◆ Data excerpts
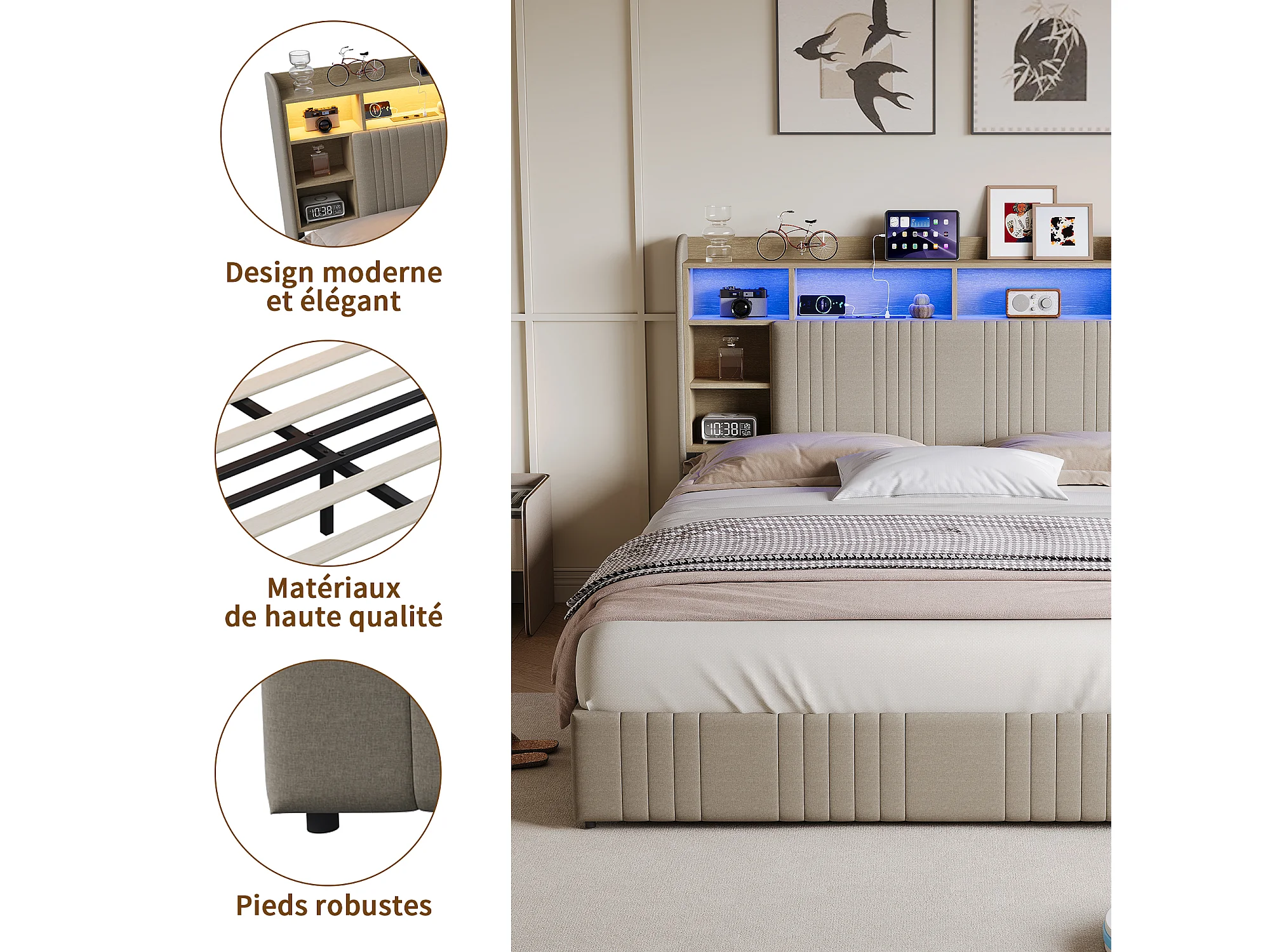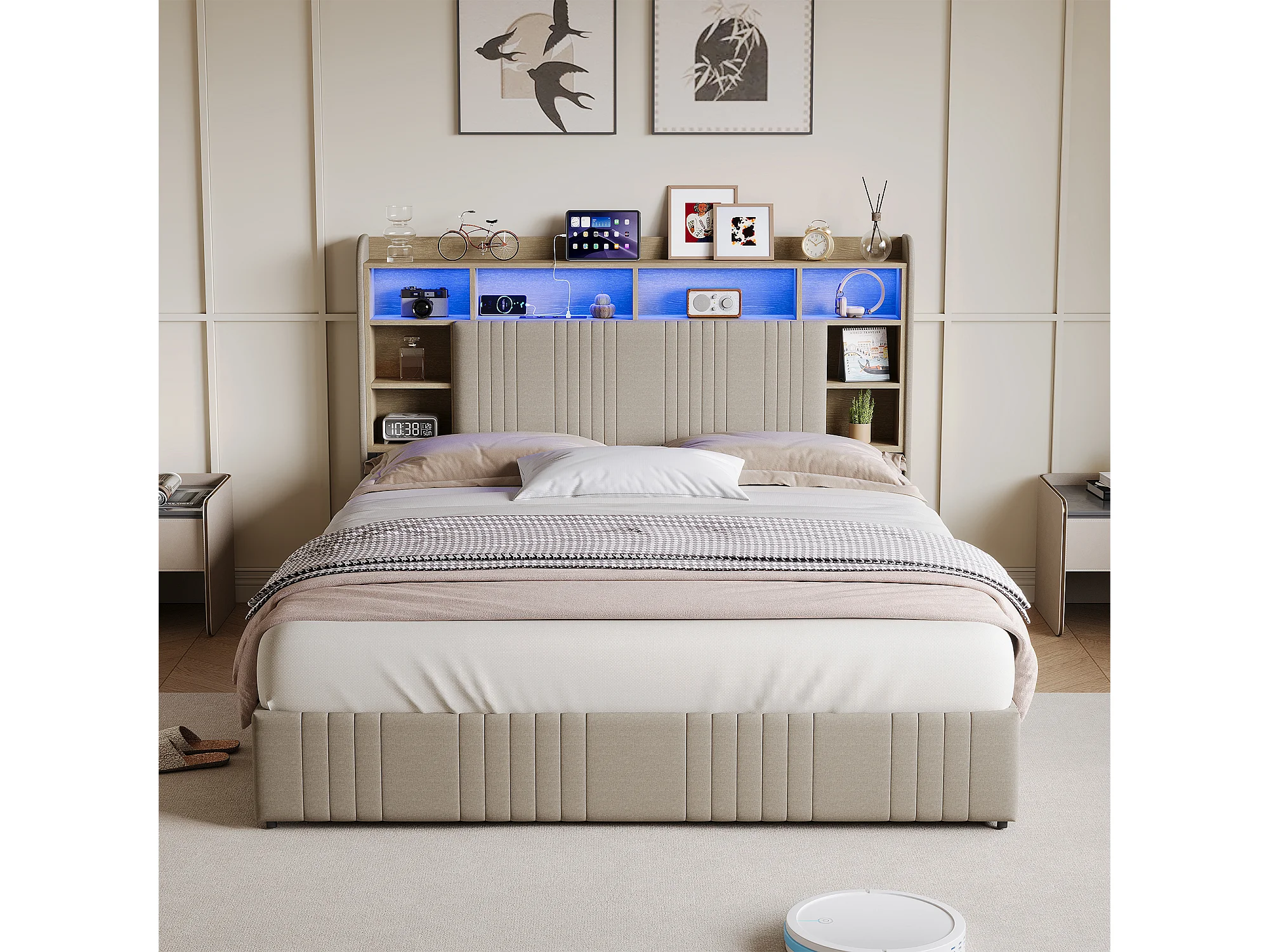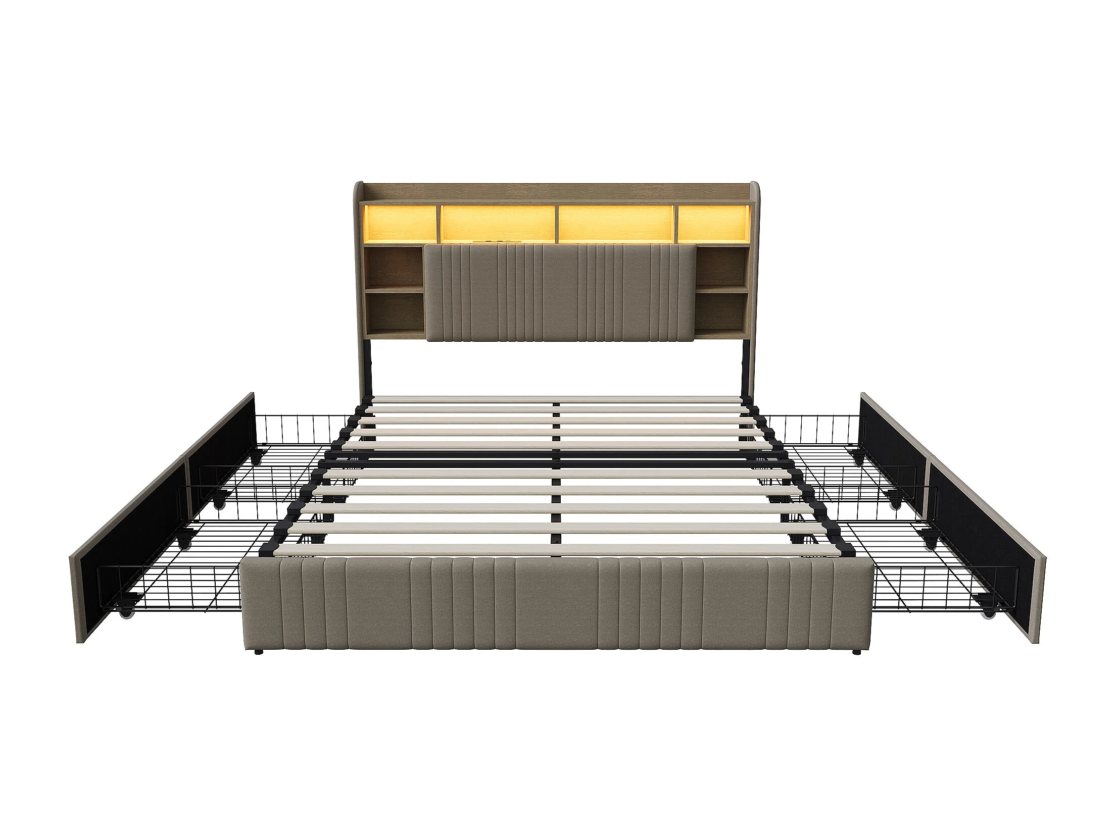 Bett (140 x 200 cm) mit 4 Schubladen, LED-Beleuchtung, USB-C-Anschluss, Nachttischen mit Stauraum, offenen Fächern und Lattenrost – Beige
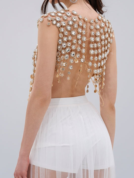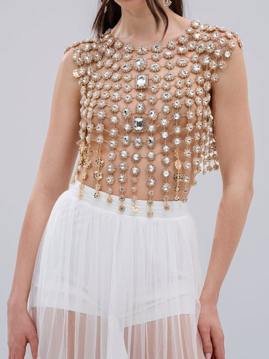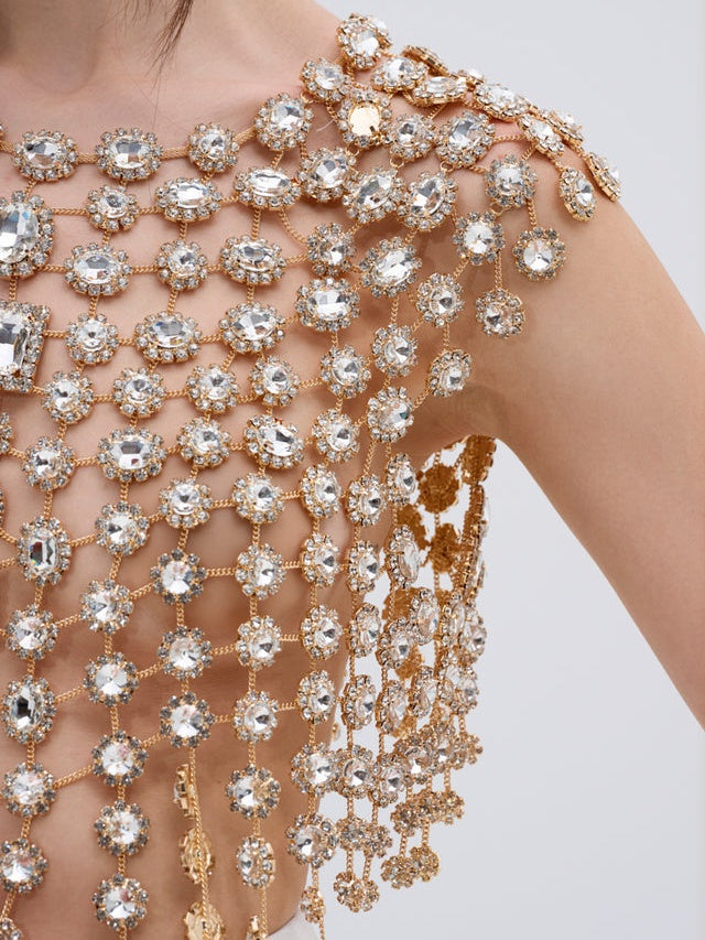 This unlined sparkling piece is crafted from a gold metallic chain link base and features a cage-like construction with glittering flower-inspired gemstone embellishments throughout, coordinating cascading gemstone detailing that creates an asymmetrical hemline, short sleeves, a rounded neckline, and an exposed back with three adjustable chain link accents with lobster clasps.
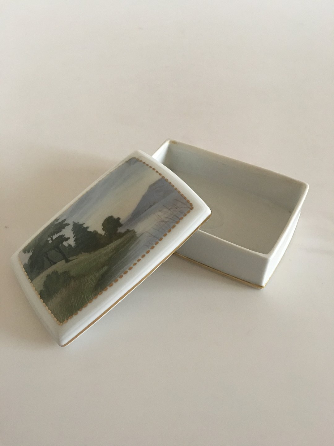 Rosenthal Art Nouveau lågskål med landskabs motiv. Måler 13,5cm x 9,8cm og er i perfekt stand.
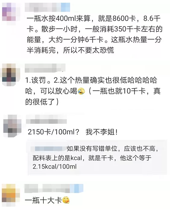 孙治强曾在媒体采访中表示,清汀气泡水的整体设计风格和元气森林拉平,并希望通过元气森林的带队,让所有消费者认为气泡水领域中只有元气森林和清汀两个品牌。 与主攻一线城市的元气森林不同,清泉出山的布局重点是下沉市场和校园渠道。清泉出山将自己的消费群体明确为15-25岁的年轻人,因而多选择如西安、昆明这类城市大力进行渠道铺设,这些城市相对体量较小、学生群体多,同时众多的旅游人口还能帮助辐射周边地区。 据清泉出山方面此前对外披露,其月销售量已做到近100万箱,目前估值为15亿元。 看完消息后 不少网友表示好气! 但也有人提醒 2150卡换算成千卡单位热量并不多 常喝的小伙伴也不用太紧张 知多D “卡路里”“卡”“千卡”“大卡”……,这些单位都是什么意思?该如何换算? 营养学中正规能量单位的用法是千焦或千卡——
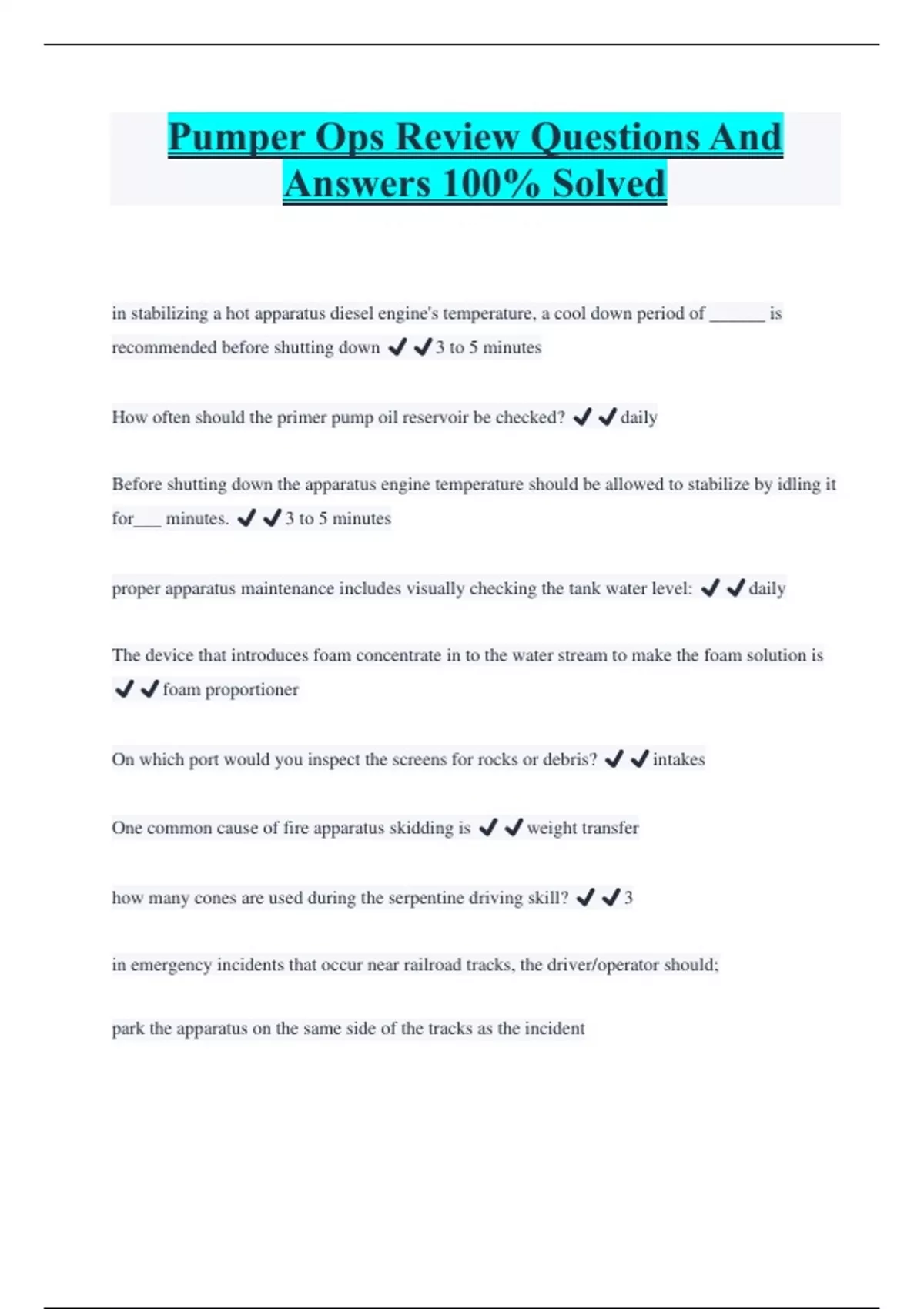 Pumper Ops Review Questions And Answers 100% Solved in stabilizing a hot apparatus diesel engine's temperature, a cool down period of ______ is recommended before shutting down ️️3 to 5 minutes How often should the primer pump oil reservoir be checked? ️️daily Before shutting down the apparatus engine temperature should be allowed to stabilize by idling it for___ minutes. ️️3 to 5 minutes proper apparatus maintenance includes visually checking the tank water level: ️️daily The device that introduces foam concentrate in to the water stream to make the foam solution is ️️foam proportioner On which port would you inspect the screens for rocks or debris? ️️intakes One common cause of fire apparatus skidding is ️️weight transfer how many cones are used during the serpentine driving skill? ️️3 in emergency incidents that occur near railroad tracks, the driver/operator should; park the apparatus on the same side of the tracks as the incident
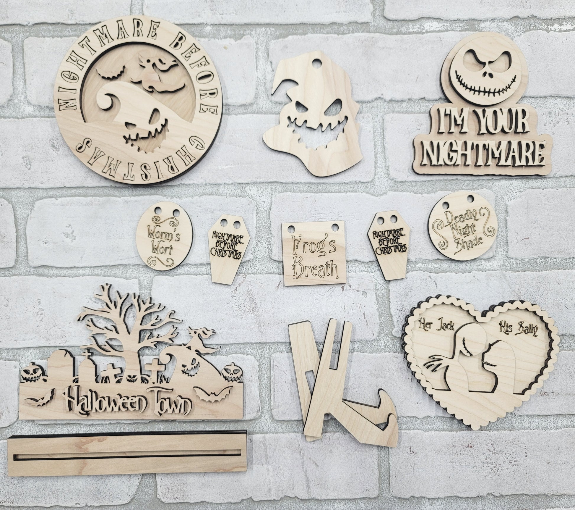 NBC fan?! This would make the perfect Halloween addition to any room! This is a 7 piece set (wood pieces only- no props or tray) and is made with 1/4" wood. Each piece has different 3D elements. This is offered as a painted set or a blank set if your feeling crafty or your wanting to plan a girls night! Quantity is limited so don't miss out on this adorable tiered tray set!
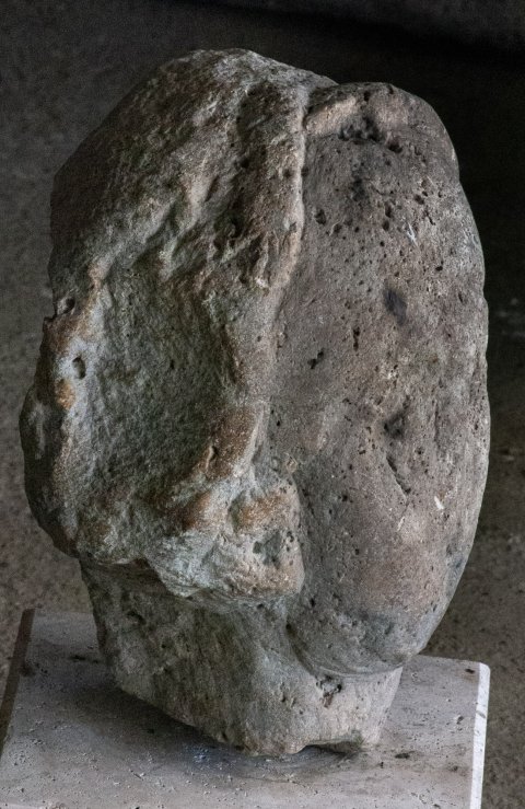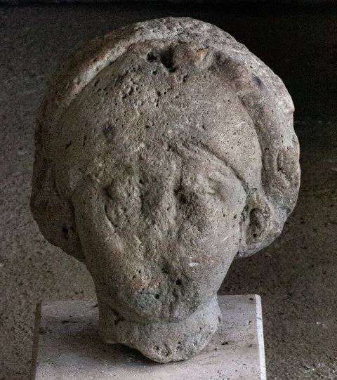 - Einheimische Frau mit Haube (Fragment einer Grabstatue).

◆ Exercise prompt
Starting at the first line of the data, set down each line exactly until you have copied the line with "据清泉出山方面此前对外披露,其月销售量已做到近100万箱,目前估值为15亿元。 看完消息后 不少网友表示好气!", but leave the pictures out.

◆ Response to the exercise
 Bett (140 x 200 cm) mit 4 Schubladen, LED-Beleuchtung, USB-C-Anschluss, Nachttischen mit Stauraum, offenen Fächern und Lattenrost – Beige
 This unlined sparkling piece is crafted from a gold metallic chain link base and features a cage-like construction with glittering flower-inspired gemstone embellishments throughout, coordinating cascading gemstone detailing that creates an asymmetrical hemline, short sleeves, a rounded neckline, and an exposed back with three adjustable chain link accents with lobster clasps.
 Rosenthal Art Nouveau lågskål med landskabs motiv. Måler 13,5cm x 9,8cm og er i perfekt stand.
 孙治强曾在媒体采访中表示,清汀气泡水的整体设计风格和元气森林拉平,并希望通过元气森林的带队,让所有消费者认为气泡水领域中只有元气森林和清汀两个品牌。 与主攻一线城市的元气森林不同,清泉出山的布局重点是下沉市场和校园渠道。清泉出山将自己的消费群体明确为15-25岁的年轻人,因而多选择如西安、昆明这类城市大力进行渠道铺设,这些城市相对体量较小、学生群体多,同时众多的旅游人口还能帮助辐射周边地区。 据清泉出山方面此前对外披露,其月销售量已做到近100万箱,目前估值为15亿元。 看完消息后 不少网友表示好气! 但也有人提醒 2150卡换算成千卡单位热量并不多 常喝的小伙伴也不用太紧张 知多D “卡路里”“卡”“千卡”“大卡”……,这些单位都是什么意思?该如何换算? 营养学中正规能量单位的用法是千焦或千卡——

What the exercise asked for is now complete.